Memorial Of Saint Paul VI, Pope

Wednesday of week 8 in Ordinary Time 

1 Peter 1:18-25
Ps 147:12-15,19-20
Mark 10:32-45


The cross is an indescribable symbol in the Greco-Roman civilization. It represents suffering and pain leading to death. Each page of the gospel illustrates Jesus’ teachings on the cross, and in today’s gospel, we are reminded of the path of the cross, which the Messiah took to bring us salvation. Thomas A. Kempis once said that salvation and eternal life can only be found through the cross.

The first reading from the first letter of Peter emphasizes the significance of Christ’s death and resurrection. The image of the “spotless, unblemished Lamb” sacrificed on the cross bought us eternal life with God.

Not only is the “Blood of Christ imperishable,” but His word is as well. This truth is evident as the Gospel message has influenced Christ’s followers for over two thousand years.

The Gospel speaks of the challenge of drinking from the “chalice” that Christ drinks from and being baptized with Christ. Jesus addressed James and John, who were seeking positions of power in His “kingdom.”

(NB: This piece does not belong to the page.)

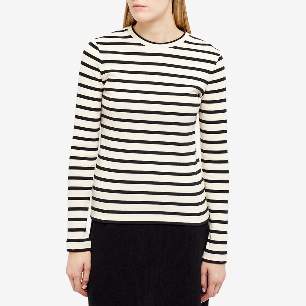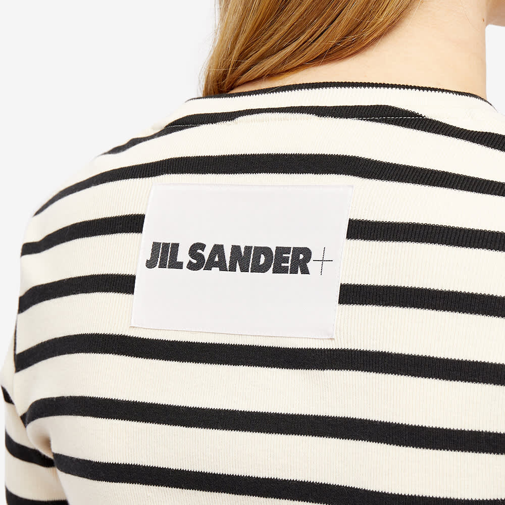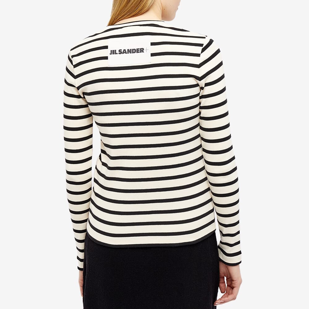 Линии одежды немецкого дизайнера Jil Sander, известного как «Королева Less», остаются такими же минималистичными и четкими, как всегда. Минималистичная, но стильная футболка с длинным рукавом и полосатым дизайном.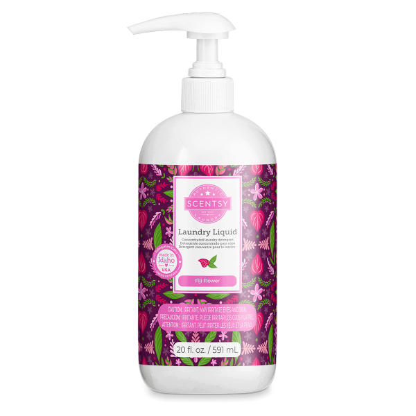 Fiji Flower Laundry Liquid is here! And if you love fresh, fruity, floral fragrances such as pink plumeria, pear blossom, and green apple, you will adore this brand-new washing detergent by Scentsy. Thanks to its powerful 6-enzyme formula, it lifts hard-to-remove stains without damaging delicate fabrics and promises to leave your laundry cleaner and fresher than ever.

They did not fully comprehend the implications of their request until the day of Pentecost and their deaths. Similarly, we grow into our faith and understanding of Baptism and Confirmation through immersing ourselves in following Christ’s teachings and actions.

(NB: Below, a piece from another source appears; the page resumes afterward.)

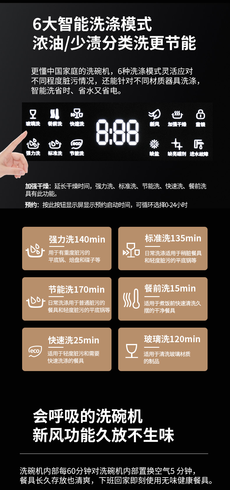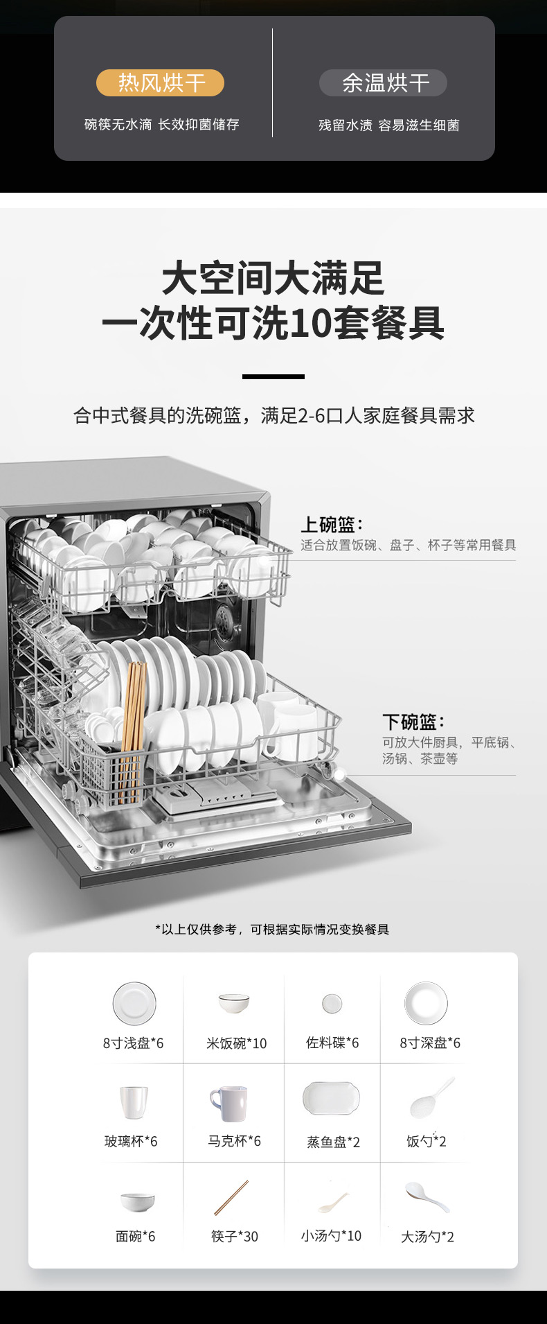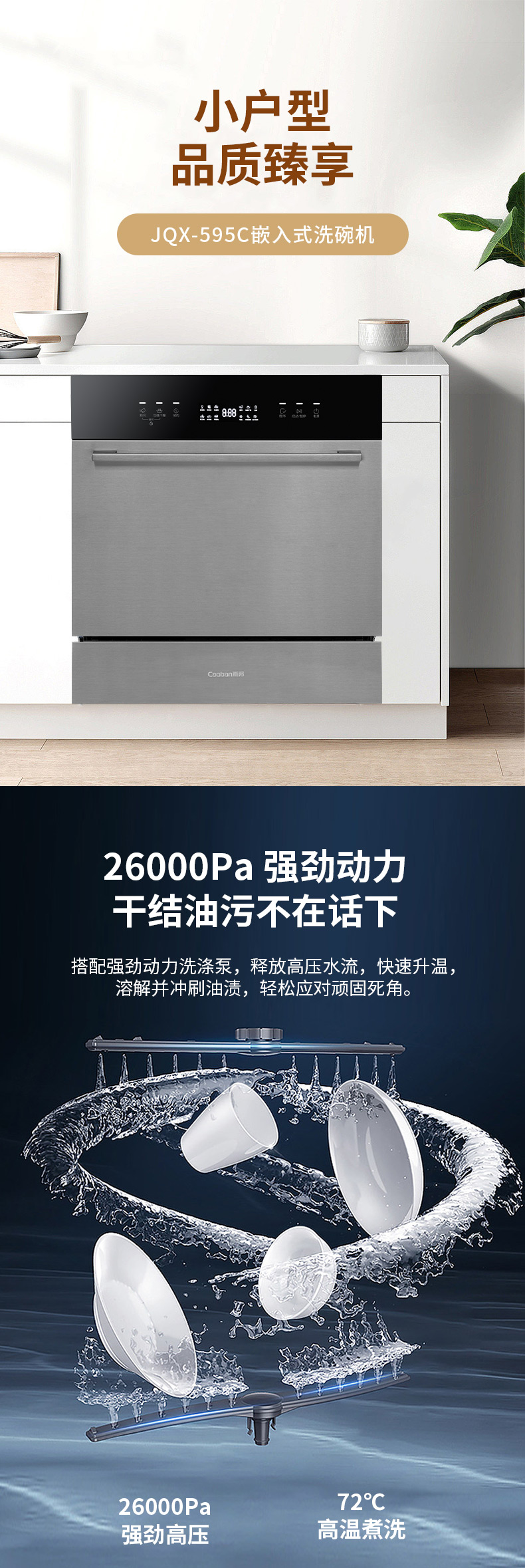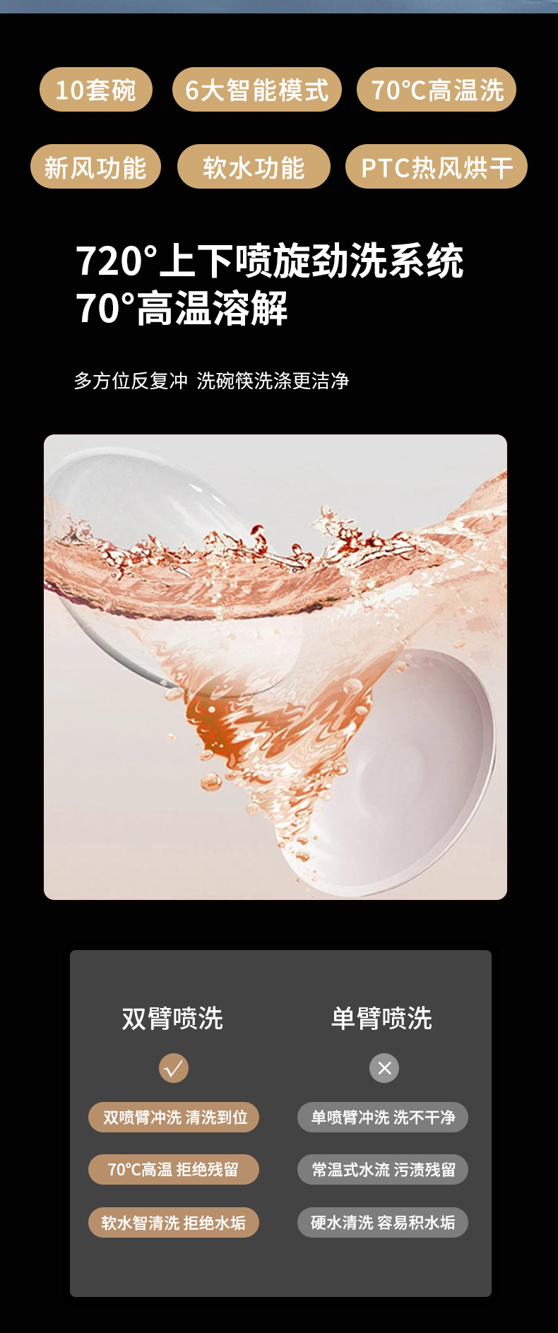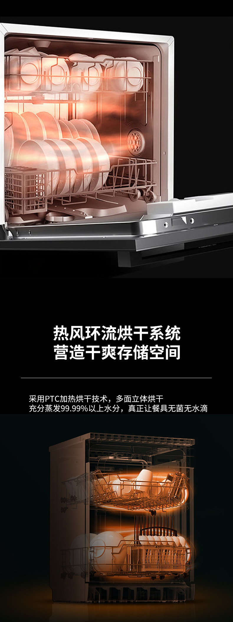 強勁高壓,高溫煮洗,10套碗,新風+軟水功能,PTC熱風烘干。

Today, the Church commemorates Pope Pius VI, who was elected to the papacy after the death of Saint John XXIII. He oversaw the Second Vatican Council to its conclusion in 1965 and led the Church into the modern world.

During his fifteen-year papacy, he had a significant meeting with the Greek Patriarch, established World Peace Day, and authored the encyclical Humanae Vitae, which has had a profound impact on Catholics and the world’s view of human life.

Ultimately, the most challenging aspect of life is living as a true Christian. I am deeply grateful that the Church provides Sacraments to support us on our faith journey because no one can do it alone.

The gifts and graces received through the Sacraments urge us to become the person God created us to be. It’s important to remember that God’s mercy, love, and forgiveness surpass our imagination.